Следует подчеркнуть, что, утверждая, будто символизм закончил свой круг развития, Гумилёв (это очевидно из его писавшихся в 1912- 1913 гг., как и позднейших, статей и рецензий) не ставил крест на творчестве Брюсова, Блока, Вяч. Иванова и других крупных поэтов-символистов (хотя именно так его статья, как и статья Городецкого, были поняты многими старшими современниками, вызвав у них, в частности у Блока, личную обиду и раздражение). Гумилёв стремился в меру своих сил дать объективную историко-литературную оценку символизма, показать внутреннюю закономерность трех охарактеризованных этапов его развития, сменивших друг друга и подготовивших новый его этап. Отсюда и общий вывод Гумилёва о том, что в ходе своего развития символизм исчерпал одну за другой открытые им перед развитием поэтического творчества возможности и перспективы.
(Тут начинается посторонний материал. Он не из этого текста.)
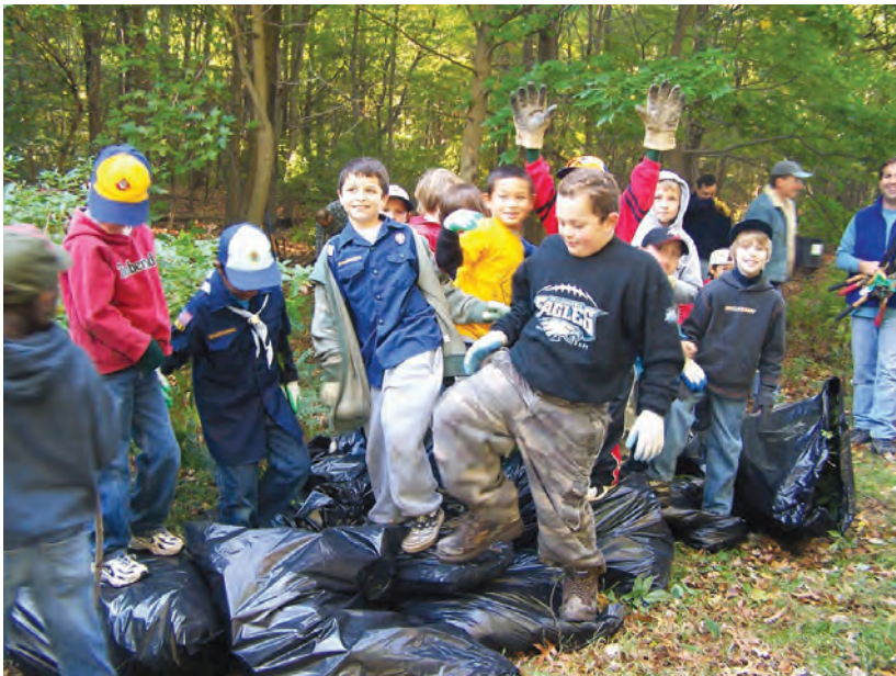
Photo above, energetic young scouts assist with a clean-up in Pompeston Park.
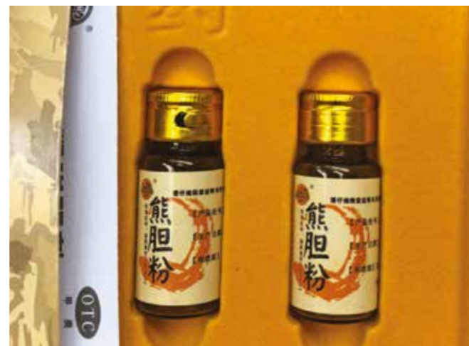
World Animal Protection carried out investigations in traditional medicine stores in Japan, US and the UK. In San Francisco, 15% of stores sell bear bile and when in powder form it sells for US$100 per gram.

According to INTERPOL, bear bile products smuggled on commercial flights are occasionally concealed in strong smelling foods such as coffee, or dipped in chocolate. 37 In some instances, traffickers of live bears in cross-border areas destined for bile extraction facilities have taken on the guise of circus troupes to evade suspicion. 38
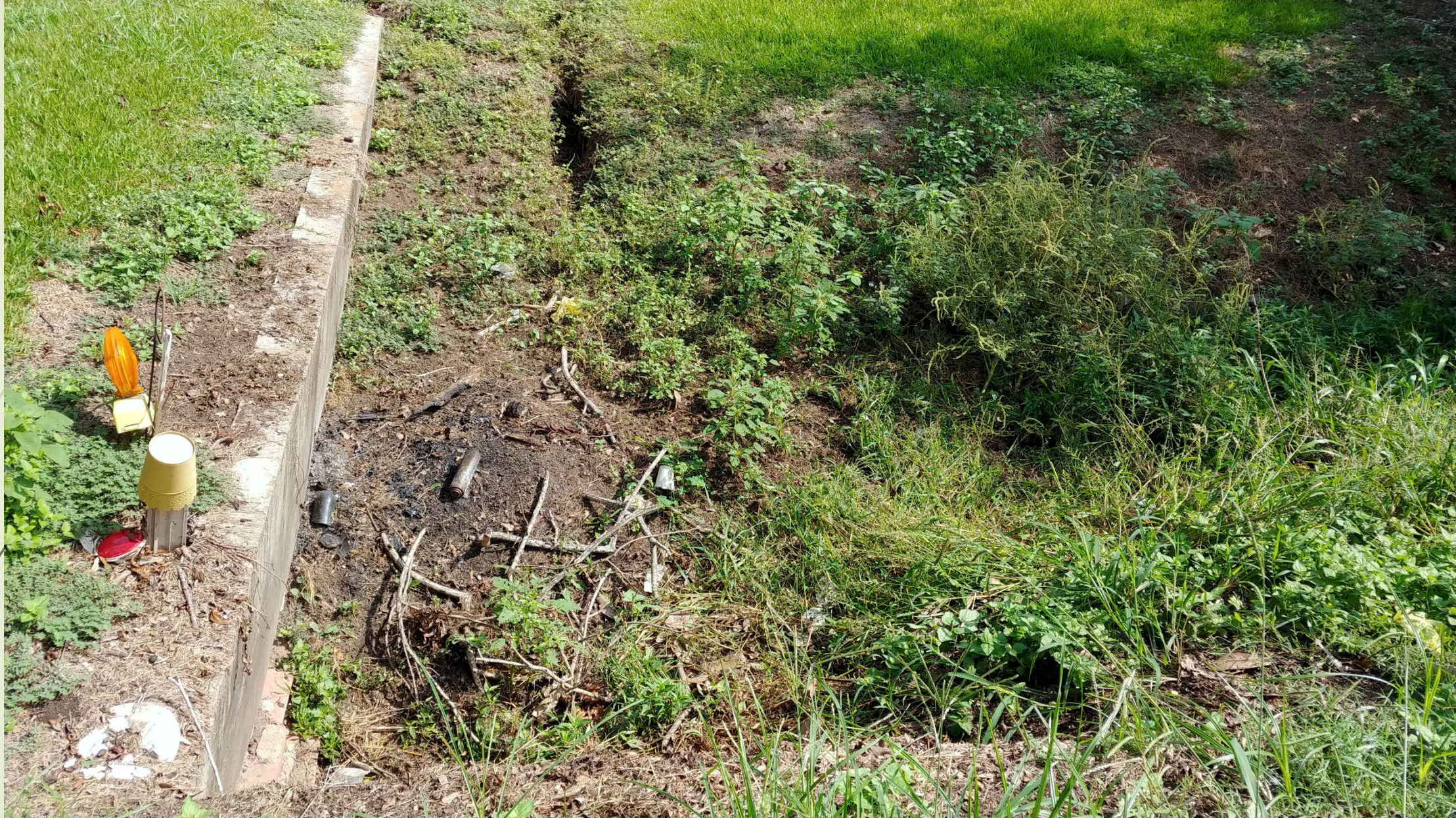
Completely blocked culvert on Riverside draining into Wilson Bayou
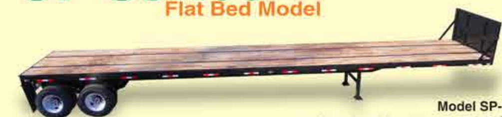
Model SP-35 with optional head board and 8 ISO twist locks for 20' & 40' containers
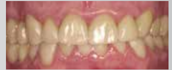
IPS e.max® CAD crowns and bridges: Recall after 7 years

“ Having used IPS e.max® CAD for ten years in clinical applications, I'm fascinated by the material's reliability, high esthetics and biocompatibility. The high number of bridges that we have successfully created at chairside is an indication of the new dimensions that this material opens up for patients and operators. ”
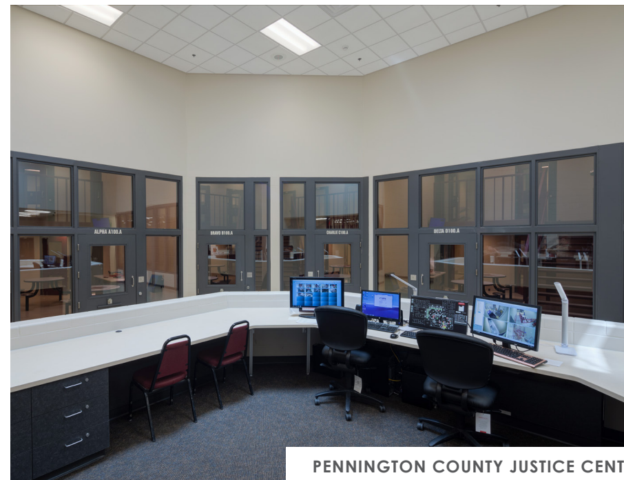
PENNINGTON COUNTY JUSTICE CENTER Thief River Falls, MN
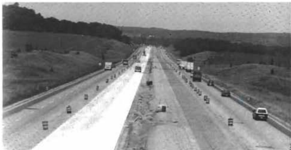
Traffic continued in 2 lanes while new 3rd lane and reconstructed dual lanes were done. Epoxy-coated rebar is in place on right inside lane.
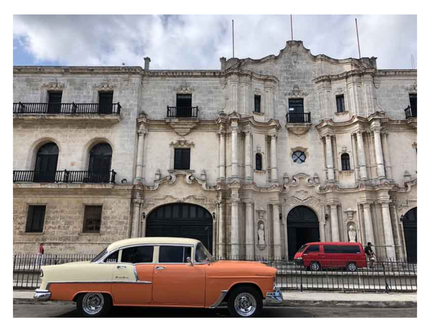
The Felix Valera Cultural Center in Havana
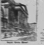
"Daily Open Door"

THE HONORABLE The "Daily Mail" has published a sensational article concerning the "British Government's" policy in regard to the "Eastern Question." The article states that the "British Government" is "determined to maintain its position in the East, and will not be driven from its position by any "Eastern Power." The article concludes by stating that the "British Government" is "determined to maintain its position in the East, and will not be driven from its position by any "Eastern Power."
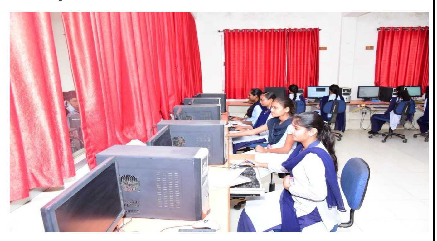
❖ Language Lab
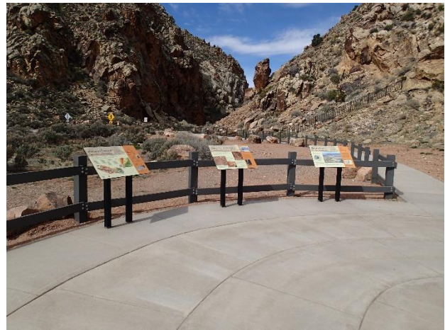
Parowan Gap Petroglyphs Visitor Site
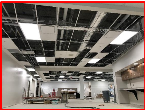
Picture 6: Fire Alarm, Fire Protection, and Technology In-Ceiling Devices in the Academic Learning Commons
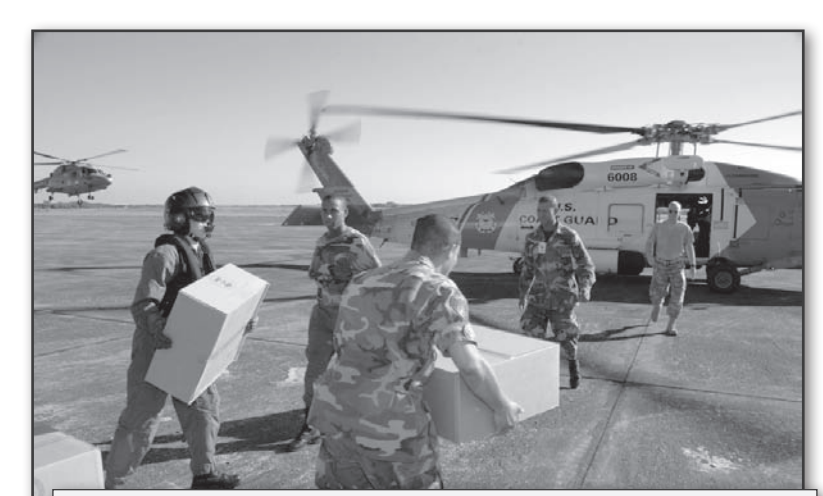
Helping Dominican Republic Service Members load food and supplies for distribution to isolated communities after a tropical storm

One of the ships, USS BOXER (LHD 4), completed the Pacific phase of Continuing Promise with superb results: over 65,000 total patient treatments, including 127 surgeries, 4,000 optometry patients treated, 14,000 dental procedures, medical and military training for thousands of hostnation students, and construction projects at almost a dozen sites. The second ship,
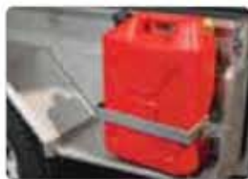
2 fuel / water jerry can holders. Jerry can is not included.
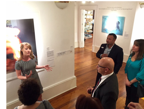
Happy Hour at Cornell Museum of Art

December offerings included a variety of events. We had a networking happy hour at the Cornell Museum of Art in Delray where we enjoyed light bites and cocktails as we viewed beautiful works of art by female artists. At our December membership luncheon, we welcomed guest speaker
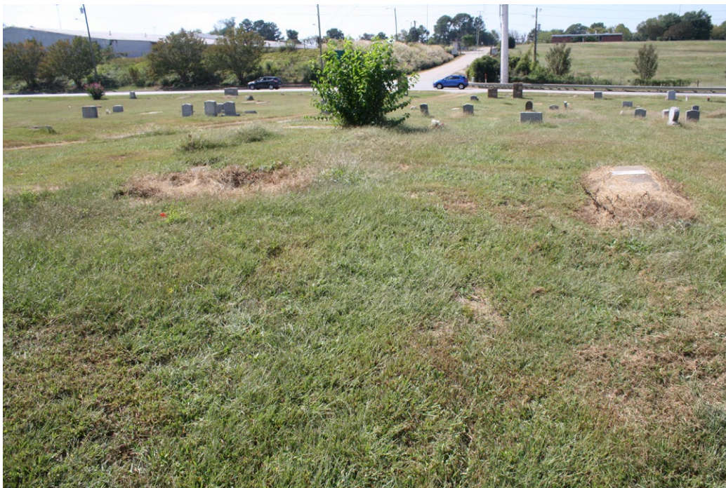
Plate 8: View of gravemarkers.
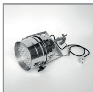
B 05 LED-Stage Spotlight
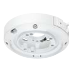
WV-QCL500-W Ceiling Mount Bracket
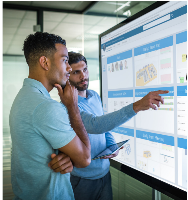
Enact Lean practices on the shop floor

DELMIA® 3DLean is a modern, customizable, and interactive solution that gives managers the ability to capture, monitor, and track operational meetings on the shop floor. It enables manufacturers to make Lean practices an integral part of shop floor operations by providing critical coordination and communication capabilities.
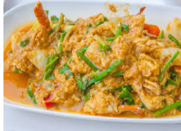
Pad Pong Kra Ree

12:00-13:30pm Eating Lunch with your own cooking food
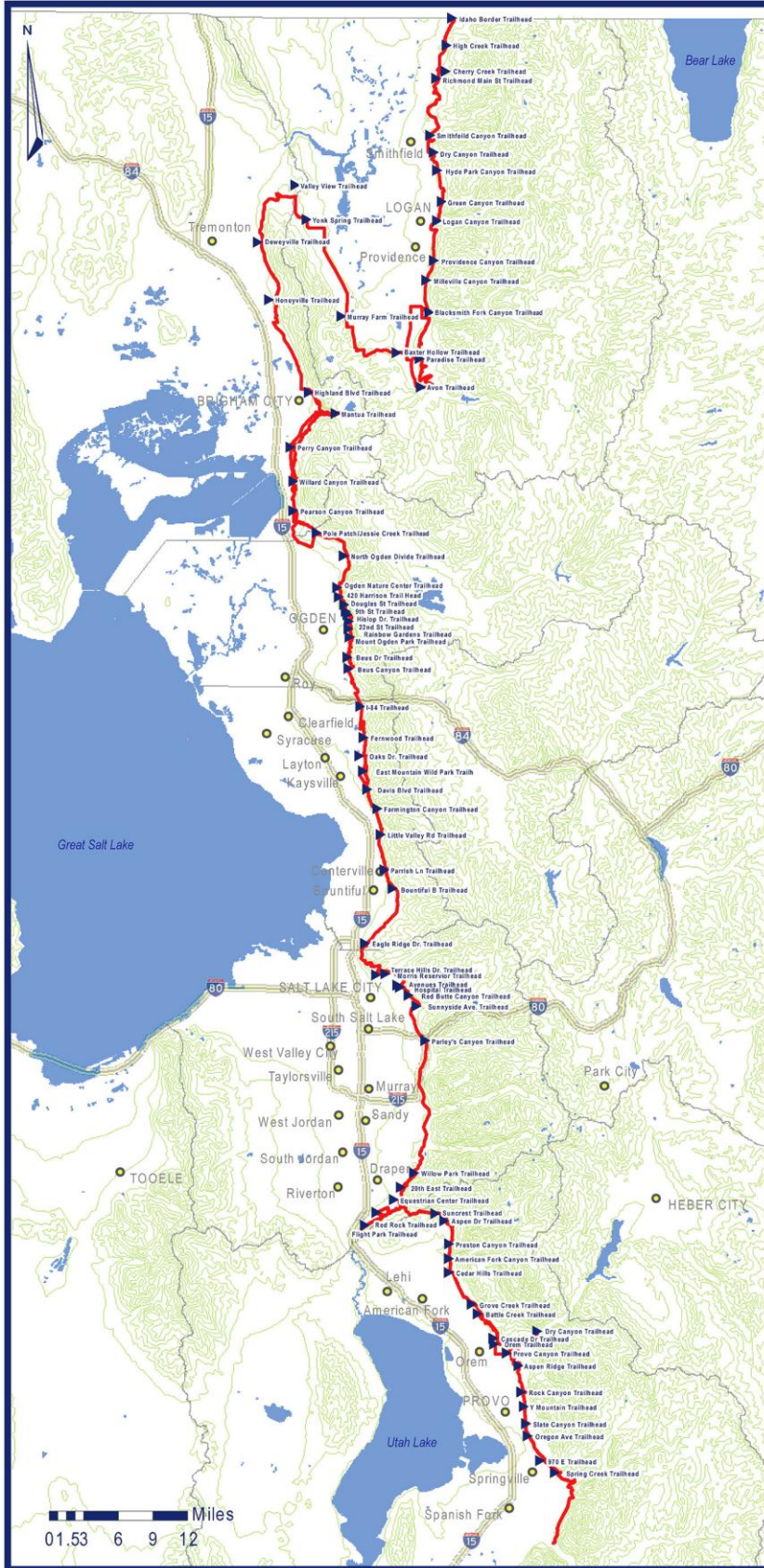
BONNEVILLE SHORELINE TRAIL
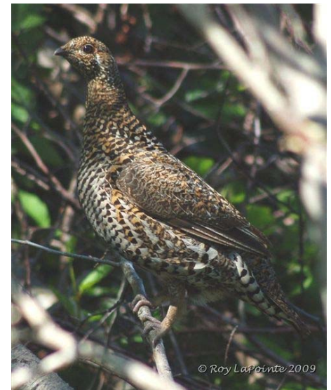
The no longer elusive Spruce Grouse

My goal for this season was to do at least 250 point counts and accumulate 225 hours of atlassing. I had 8 trips of 2 to 5 days planned primarily for point counts in June and another 6 trips of up to 5 days planned for BE atlassing in July. I expected to travel around 6,000 km with at least 4 trips to include travel by kayak or canoe.
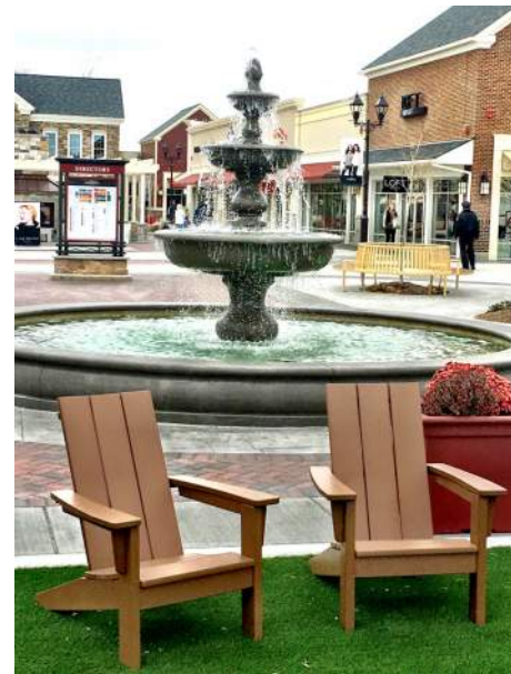
SITE FOUNTAIN REQUIRES A PUMP ROOM AND ROUTING OF UTILITIES
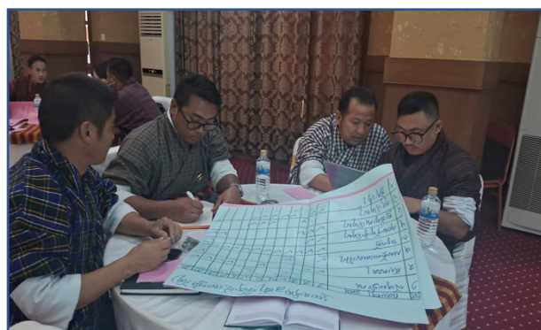
Figure 6: Hands-on training on RLI Tools.

On the second day, the training focused on introducing the Drongsep Yardrak approach, also known as Rural Livelihood Improvement (RLI). Participants were given a hands-on experience using different tools that are part of the RLI framework. These tools are meant to support local governments in better understanding and addressing the needs of rural communities. One of the major activities included training on Local Area Potential-Based Planning, which helps identify available local resources using a Resource Matrix Module. In addition, participants were taught how to use the Seasonal Calendar, which shows how activities or needs vary across different times of the year, and Community Scanning, which allows for a quick overview of the community's current situation. These tools are important because they help local leaders and functionaries work closely with the community to identify their main needs, available resources, and existing gaps. This makes it easier to involve local people in decisions that affect their lives and development in the village.
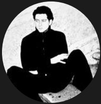
marc di saverio/hamilton - editor
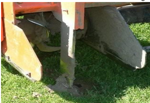
Modified rotary hoe strip-till machine with ripper leg

This rotary hoe uses a large tine with a wing to burst the soil along natural fracture lines. The wide wings increase the width of soil shattering and amount of soil lift achieved. The ripper has no break-out so care is needed to avoid damage.
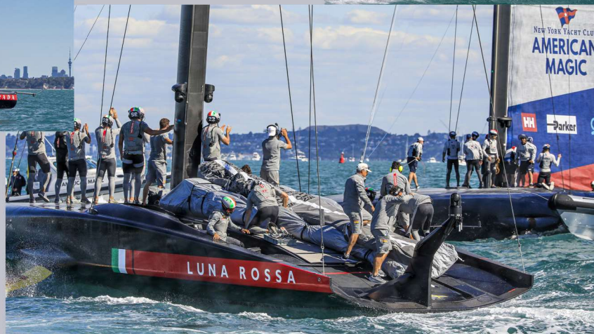
Luna Rossa Prada Pirelli, champions of the Prada Cup semifinals.
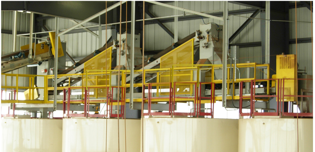
TRIPPER CONVEYOR FEEDING SILOS IN BRICK PLANT

INNOVATIVE PROCESSING SOLUTIONS fixed tripper conveyors allow for multiple discharge point on bulk handling conveyors with minimal maintenance.

И в этой критико-аналитической своей части статья-манифест Гумилёва, думается, заслуживает от исследователей русского, французского и немецкого символизма более серьезного внимания, чем ей привыкли уделять те историки литературы у нас и за рубежом, которые рассматривали и рассматривают ее до сих пор лишь в свете утверждаемой в ней Гумилёвым литературной программы той поэтической молодежи, объединенной в Цехе поэтов, выразителем идей и настроений которой он себя сознавал.
Следует также подчеркнуть, что, утверждая программу акмеизма как поэтического направления, призванного историей сменить символизм, Гумилёв чрезвычайно высоко оценивает поэтическое наследие символистов, призывая своих последователей учесть неотъемлемые достижения символистов в области поэзии и опереться на них в своей работе — преодоления символизма, — без чего акмеисты не смогли бы стать достойными преемниками символистов.
Наиболее уязвима и противоречива в статье-манифесте Гумилёва была позитивная ее часть. Гумилёв стремился освободить поэзию от слиянности субъективных образов и вещей, направив ее к предметности, конкретности и жизненности, знаменем которых в его глазах было творчество Вийона, Рабле и Шекспира. К этим трем именам он присоединяет имя Т. Готье как художника, влюбленного в искусство слова, исполненного веры в его безграничные возможности, отыскавшего для выражения жизни в искусстве «достойные одежды безупречных форм» (176). Отсюда призыв Гумилёва освободить поэта от несвойственной ему задачи «познания Бога» и, не пытаясь, по примеру символистов, познать непознаваемое, предпочесть «детски-мудрое, до боли сладкое ощущение» (175) прелести и полноты земного, посюстороннего мира, включающего в себя как эстетически равные друг другу ценности «и Бога, и порок, и смерть, и бессмертие» (176). При этом Гумилёв отчасти, может, сам вполне не сознавая, как уже отмечено выше, вольно или невольно рвет с наиболее коренной, принципиальной основой русской классической поэзии, которая, хотя и в преображенном виде, продолжала составлять жизненный нерв стихотворений Блока и других лучших произведений поэтов-символистов. Пушкинские формулы «поэта-эха», «поэта-пророка» сменяются в эстетике Гумилёва 10-х годов образом поэта, хотя и «причастного» «мировому ритму» (173), но отказывающегося от права быть его художественным выразителем. Критикуя «неврастению» и мистические идеалы поэтов-символистов, Гумилёв обращается к своим последователям с призывом смотреть ясно в глаза жизни, относясь с любовью к «самоценности» каждого явления, довольствуясь отчетливым его поэтическим изображением. Объективно это могло стать путем к примирению с тем «страшным миром», против которого восставал и который не принимал Блок.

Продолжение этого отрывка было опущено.